# grub hub forum



## JaniceCT (Aug 20, 2015)

any forum on the internet for grub hub drivers, just like uberpeople where they have a sections for each markets?


----------



## KMANDERSON (Jul 19, 2015)

JaniceCT said:


> any forum on the internet for grub hub drivers, just like uberpeople where they have a sections for each markets?


You in it,it one area called delivery that covers all food delivery companies


----------



## Mike in CT (Nov 8, 2015)

Lol
Janice did you try grubhub yet?
I like it but there isn't enough hours 
That's why i uber


----------



## KMANDERSON (Jul 19, 2015)

Mike in CT said:


> Lol
> Janice did you try grubhub yet?
> I like it but there isn't enough hours
> That's why i uber


Go with doordash if it in your city


----------



## Mike in CT (Nov 8, 2015)

KMANDERSON said:


> Go with doordash if it in your city


Not in Connecticut


----------



## JaniceCT (Aug 20, 2015)

Mike in CT said:


> Lol
> Janice did you try grubhub yet?
> I like it but there isn't enough hours
> That's why i uber


no ive heard a few negative things, including not much business for grub hub drivers since most restaurants use their own drivers, too keep fees and tips in house. uber eats i won't even consider unless they add a tipping option


----------



## chopstick (Aug 3, 2016)

Ironically I make more $$$ delivering pizza for dominoes than I do on both Uber and everything else...

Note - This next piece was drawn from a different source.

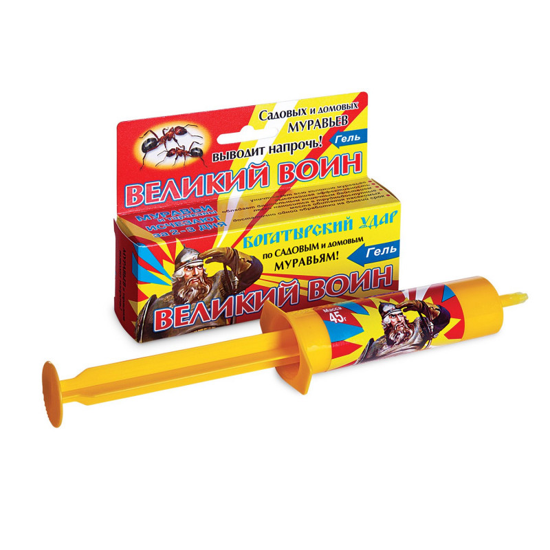Гель предназначен для борьбы с садовыми и домашними муравьями. Является приманкой с двумя веществами, губительными для муравьев. Специальный состав ее так привлекателен для насекомых, что рабочие особи не только охотно поедают ее сами, но приносят в муравейник и кормят личинок. Благодаря этому уже через несколько дней погибает вся муравьиная колония. Гель "Великий Воин" не портится, не высыхает и не теряет своей эффективности в течение нескольких месяцев после применения. Это гарантирует надежную защиту от муравьев на полгода и дольше. Гель удобен в применении, легко наносится даже в труднодоступные места. Не имеет неприятного запаха, не выделяет в воздух вредных веществ и может применятся людьми, страдающими аллергией или астмой.
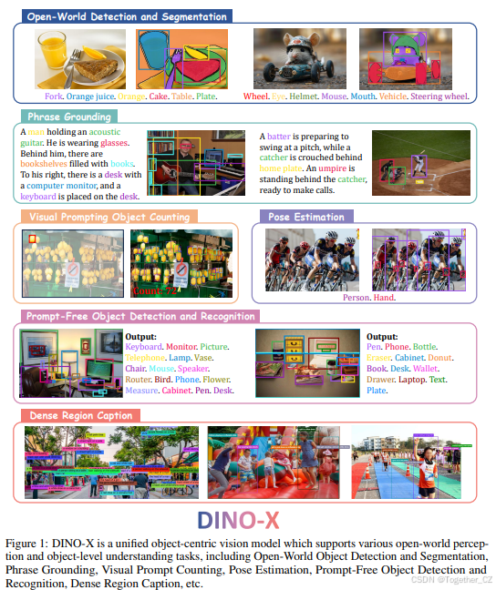 图 1: DINO-X 是一个统一的以目标为中心的视觉模型,支持多种开放世界感知和目标级理解任务,包括开放世界目标检测与分割、短语定位、视觉提示计数、姿态估计、无提示目标检测与识别、密集区域描述等。

I use a program called Scuddle however, the base pay is $12/hr, plus tips, even on weeknights I'm making at-least 20/hr combined, weekends almost 30/hr


----------



## galileo5 (Jan 16, 2016)

JaniceCT said:


> no ive heard a few negative things, including not much business for grub hub drivers since most restaurants use their own drivers, too keep fees and tips in house. uber eats i won't even consider unless they add a tipping option


I'm a bit torn on Eats. They pay a bit more than other delivery services per job, so I don't know yet if I can justify the lack of tips with the higher amount I get per delivery with Eats. Also, I'm noticing Eats customers are tipping with cash more and more, but I still get disappointed when an Eats customer doesn't tip.


----------